November 1, 2005

As promised: Prometheus light show!

Several months ago, I promised a “multimedia presentation” to accompany my comments on Scriabin’s Prometheus. Well, here it is. Thanks for your patience.

The rambling below was meant to precede the show, but I’ve been advised that that’s not the way to do things, so here you go. Click on the picture of Scriabin’s pathetic personal 12-bulb doodad below to see the animation in a new window. It might take it a second to load the music clip. Yes, it just starts in the middle of the action like that.

lamps.jpg

Okay, so, now that you’ve seen that – to recap: the piece is scored for piano, orchestra, and “light keyboard,” the last of which is an imaginary instrument, notated like an organ, that produces colored light.
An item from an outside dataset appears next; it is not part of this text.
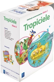 Tropiciele to cykl podręczników dla klas 1-3, który doskonale sprawdza się w klasach z uczniami o zróżnicowanym poziomie gotowości szkolnej. Pakiet zapewnia uporządkowany sposób przekazywania wiedzy, jednocześnie pozostawiając uczniom możliwość samodzielnych poszukiwań i badań.Rekomendujemy zakup kompletu materiałów do klasy drugiej w wygodnym, kolorowym pudełku, które zawiera: Podręczniki (części 1-5)Dzięki utrzymaniu zasady stopniowania trudności (czytanie na trzech poziomach) teksty zamieszczone w podręcznikach pozwalają dziecku na doskonalenie techniki płynnego czytania oraz czytania ze zrozumieniem. Zapewniają także rozwijanie zainteresowań, inspirują do samodzielnych poszukiwań informacji, rozbudzają wrażliwość plastyczną i estetyczną. Podręczniki są dostosowane do wieku i możliwości dzieci, kolorowe, bogato ilustrowane. W ciekawy sposób przekazują podstawy wiedzy o współczesnym świecie, środowisku społecznym i przyrodniczym. Karty ćwiczeń (części 1-5)Karty ćwiczeń zawierają ciekawe, pomysłowe zadania, które doskonalą pisanie, sprawdzają umiejętność czytania ze zrozumieniem, przygotowują do opanowania podstaw wiedzy o języku. Wiele treści nauczania ujętych jest w kącikach tematycznych: Ćwiczymy z Noni (sprawdzenie umiejętności nabytych w ciągu ostatnich 8-10 dni), Zrób to sam (propozycje zajęć technicznych), Muzyka (utrwalenie treści zaprezentowanych w podręczniku), Czytam sam (ćwiczenia doskonalące technikę czytania).Dodatkową atrakcją dla dziecka jest wkładka z nalepkami wielokrotnego użytku. Matematykę (części 1-5)Książka do matematyki to połączenie podręcznika z kartami ćwiczeń. Poza standardowymi zadaniami zawiera wyjątkowe karty ćwiczeń w działaniu skorelowane z pomocami zawartymi w kuferku dla ucznia. To jedyna na rynku publikacja, która jest dostosowana do dzieci na różnych poziomach rozwoju myślenia matematycznego. Świeżo zdobyta wiedza matematyczna bywa utrwalana także za pomocą prostych matematycznych gier planszowych. Wyprawkę (części 1 i 2)Zestaw różnorodnych pomocy dla ucznia, zintegrowany z treściami edukacyjnymi w podręcznikach. Zawiera m.in. pomoce dydaktyczne, gry edukacyjne, materiały do prac technicznych. Karty plastyczneKarty zawierają propozycje oryginalnych prac do wykonania przez dzieci, nawiązujących do pięciu zmysłów: wzroku, węchu, smaku, dotyku i słuchu. Prace plastyczne dają dzieciom możliwość bezpośredniego doświadczenia i zmysłowego odczuwania, kształtują ich wrażliwość i uświadamiają im różnorodność bodźców płynących z otoczenia.Inspiracją do poznawania i wypróbowywania właściwości różnych materiałów są wybrane dzieła sztuki. Zajęcia komputerowe - podręcznik z ćwiczeniami i CD-ROM-emKsiążka z CD-ROM-em stanowi kolejny etap w nauce podstaw i obsługi komputera.

The part for this tastiera per luce is a single staff at the top of the score and contains two voices*: one very slow (each note generally lasting for an entire section of the piece) and the other somewhat faster, generally moving whenever the harmony changes.

These notes (if read in the normal way, i.e. as musical notes and not colors) correspond to the harmonies in the music. What I just said is only very roughly accurate, but right now I don’t feel like going into technical detail about how Scriabin’s harmonic thinking actually works – I can hear the massed forces of the academy marching on the other side of that particular ridge. For our purposes let’s just say that every note in the piece is drawn out of a certain chord, which gets transposed all over the place, and every note in the luce part is what Scriabin thought of as the “root” of that chord, at that point in the music.
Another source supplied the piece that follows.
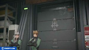 Approach two workers next to a rolling gate to continue.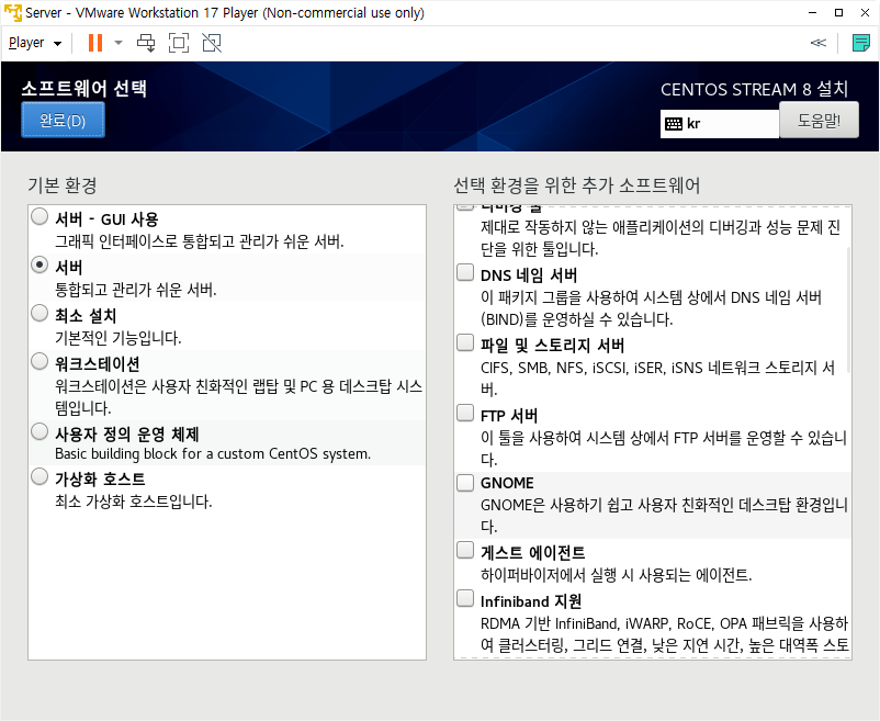 소프트웨어는 서버를 사용으로 하겠습니다.

Why are there two voices? The faster-moving voice reflects the musical foreground; the slower-moving voice reflects the underlying harmony, a harmony which is not always necessarily being played, though it often is, at least in part. This is a lot like the distinction, in normal harmonic analysis, between the key that a piece (or section) is in and the chord that is actually being played at a given time. But the issue gets confused here because I’m talking about “harmonies” as opposed to “keys” – and because, like I said above, I’m not really talking about “harmonies,” – they’re really more like “scales” or “chords that are treated as scales.” Scriabin boasted, with good reason, that in this work, melody and harmony were indistinguishable.** “Tonalities,” I suppose you could say, though it’s a bit misleading. The extremely loaded word “set” is actually fairly appropriate to Scriabin, but I’m not going there.***

Whatever these harmony-ish things are, they govern the music, Scriabin identified them with certain notes, and Scriabin identified certain notes with certain colors. So those are the colors meant to be produced by the light keyboard: the colors of the two harmonies that make up the music at a given point; the underlying “what key are we in” harmony, and the moment-to-moment harmony.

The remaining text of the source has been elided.